The final shot was the blond man again, but standing beside Ben Toy. This Ben Toy weighed twenty to thirty pounds more than when I’d seen him at the hospital. He was physically impressive to look at. Behind the two men was a white municipal building, a library or courthouse. The blond man seemed to be pointing right at the camera.

I was certain that he was Harley John Wynn.

Soon after I looked at the pictures, I heard a loud creaking noise inside the apartment. I looked across the room, and saw that the front door was slowly opening. I was helpless to do anything but watch it.

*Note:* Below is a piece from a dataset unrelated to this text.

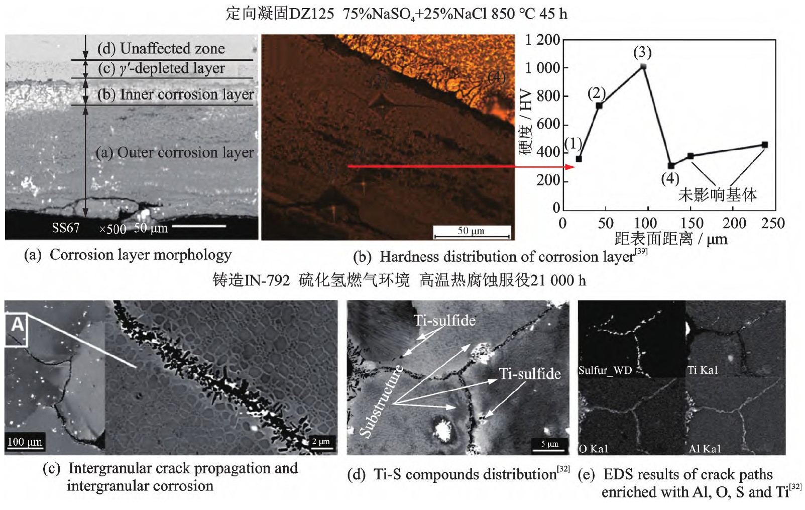 随着中国深海和远海战略的实施,大批先进舰艇下水,国产航母和大量舰载机也投入服役。相比陆地航机,舰载机航空发动机和燃气轮机热端部件在服役过程中的环境条件异常苛刻,除发动机/燃气轮机热端零部件所承受的高温、高压、高转速等载荷环境外,还承受海洋高盐雾、高湿度等腐蚀环境的影响。涡轮转子部件是舰载机航空发动机/燃气轮机中服役环境最恶劣的部件,不仅要在高温(600~1 300℃)条件下承受巨大的交变载荷,高温燃气和海洋大气中的热腐蚀也会加剧其损伤程度,涡轮转子部件因此成为故障率最高的工作部件之一。如图1所示,涡轮叶片因在燃气-海洋大气耦合环境中,在高温、高转速载荷下发生的热腐蚀-疲劳失效[1,2,3,4,5,6]。相比于单一机械载荷作用下的疲劳失效,航空发动机和燃气轮机热端部件热腐蚀-疲劳失效机理更为复杂,对热腐蚀-疲劳寿命预测难度更大。目前,国内外对航空发动机和燃气轮机热端部件热腐蚀-疲劳失效机理有了初步的认识,针对热端部件材料开展了热腐蚀机理研究、热腐蚀-疲劳失效机理研究以及热腐蚀-疲劳寿命预测,并取得了初步的成果。本文针对过去20年在航空发动机和燃机轮机热端部件热腐蚀-疲劳的研究进展进行梳理和总结归纳,以期促进燃气-海洋环境耦合作用下航空发动机和燃气轮机热端部件结构完整性评定方法的发展,提高航空发动机和燃气轮机的安全性和可靠性。Fig.1 Hot corrosion-fatigue failure of turbine blades镍基高温合金以其高温下优异的疲劳性能、蠕变性能和持久性能[7,8,9],成为航空发动机与燃气轮机涡轮叶片、涡轮盘等热端部件的主要材料[10,11,12]。同时,为了降低涡轮叶片表面温度和提高其抗氧化/腐蚀性能,在涡轮叶片表面通常喷涂有金属涂层或热障涂层(Thermal barrier coating,TBC)[13,14]。发动机在服役过程中,燃料中的杂质S在燃烧时会产生SO2、SO3等硫化物,与海洋大气环境中NaCl反应后会在合金表面沉积一层Na2SO4熔盐膜,形成的硫酸盐等沉积物导致涂层、高温合金发生热腐蚀,最终导致发动机热端部件过早失效[15,16]。高温合金热腐蚀是指沉积于合金表面的硫酸盐等沉积物破坏表面氧化物而加速合金腐蚀的行为[17]。对于高温合金来说,热腐蚀造成的破坏要比单纯高温氧化严重得多,其严重性受多因素影响,包括温度、沉积盐的种类和含量、环境条件、气体成分和合金成分等。根据环境温度高低,热腐蚀可分为低温热腐蚀和高温热腐蚀[18]。低温热腐蚀(560~815℃)一般在腐蚀盐的熔点之下发生,限制条件是需要较高分压的气相SO3,与涂层或者基体中的合金元素反应形成新的硫酸盐,这些硫酸盐与Na2SO4形成低熔点(熔点为540℃)的共晶化合物,使合金发生局部点蚀。高温热腐蚀(815~980℃)通常在腐蚀盐熔点以上温度发生,熔融态碱金属盐在基体表面沉积,然后逐渐破坏氧化层并消耗基体金属中的Cr,随着Cr元素耗尽,氧化速度加快,涂层或基体内部开始形成细微的孔洞,为腐蚀介质浸入提供通道。此时熔融状态的沉积盐使合金发生均匀腐蚀,高温热腐蚀的氧化层与合金基体交界处相对平整,界面下方有明显的硫化物形成。关于金属材料,尤其是铁基和镍基高温合金热腐蚀机理,Rapp[19]和Singh等[20]在21世纪初对其进行了总结。因此,本文主要针对近20年涡轮盘、涡轮叶片高温合金及涂层的热腐蚀机理进行综述。根据航空发动机和燃气轮机具体的服役工况和涡轮前温度,常用的涂层有渗铝涂层[21](如在叶片表面和内腔渗铝、渗铝硅涂层)、MCrAlY涂层[22]和热障涂层[23]等。高温合金叶片的典型热障涂层通常由金属黏结层和隔热陶瓷层组成,在高温合金叶片基体与高温燃气间提供隔热层和抗氧化层,从而保障叶片在较高的涡轮前温度下安全工作。金属黏结层可以提高基体合金与表面陶瓷层的结合强度,在高温服役过程中还可以形成一层致密的热生长氧化物(Thermally grown oxide,TGO)层,起到抗高温氧化的作用。目前常用的TBCs材料有:Y2O3稳定的ZrO2(YSZ、Y2O3的质量分数一般为7%~8%)、莫来石、Al2O3、YSZ+CeO2、La2Zr2O7、硅酸盐,其中YSZ是应用最广泛的TBCs材料[21,24,25]。由于涡轮叶片表面涂层在服役过程中承受温度高(>800℃),在燃气和海洋环境耦合工况下,涂层通常发生高温热腐蚀。取决于涂层类型、成分和微观结构,其热腐蚀产物也有所区别。对于金属涂层,其抗热腐蚀性能与涂层表面形成连续致密的Al2O3保护性氧化层密切相关。李玉春[26]采用埋盐法对K488合金及其表面渗铝和渗钴铝涂层的K488合金的热腐蚀行为进行研究,发现在900℃的25%NaC1+75%Na2SO4熔融盐中渗铝涂层表面生成了Al2O3和CoCr2O4的混合物,由于混合氧化物的存在使得耐腐蚀性提高,而渗钴铝涂层由于表面生成致密的Al2O3保护性氧化膜,表现出优异的抗热腐蚀性能。李艳明等[27]针对燃机叶片常用材料DSM11镍基高温合金,在其表面制备了Al-Si、Al和Co-Al这3种涂层,并通过在涂层表面涂盐(质量分数为5%NaC1+95%Na2SO4),研究了3种涂层在900℃的热腐蚀性能,如图2所示。研究结果表明,3种涂层的动力学曲线基本相似,均呈抛物线形,随腐蚀时间的延长,质量先增加后减少。产生上述质量变化的原因在于:在腐蚀实验前期(0~25 h),腐蚀产物与涂层结合紧密,腐蚀产物脱落较少;而在腐蚀的中、后期,表面腐蚀产物脱落,重新裸露出的内部涂层或基体进一步发生热腐蚀,质量减少。在900℃热腐蚀200 h后,Al-Si涂层和Co-Al涂

First a hat, then Leroy Cooper’s face appeared in a foot-wide crack. “How long you gonna be?” he complained. “Damn, man, you’re, taking too long for this.”

I said nothing to Cooper. I felt as though my skull had been shattered by someone swinging a heavy metal bar. Somehow, the experience had translated into nausea too.

Getting no answer from me, Cooper slowly shook his head. He shut the door again. I heard him swearing outside. Very slowly, I was getting an emotional grasp of the situation I was involved in: I was starting to understand genuine fear of being hurt; the ability to take lives; fast, unexpected death.

Eventually I regrouped and left the building. I sent the three photographs to Lewis Rosten in Nashville. Then I spent the rest of the day visiting psychiatrists and psychologists who’d worked with Ben Toy.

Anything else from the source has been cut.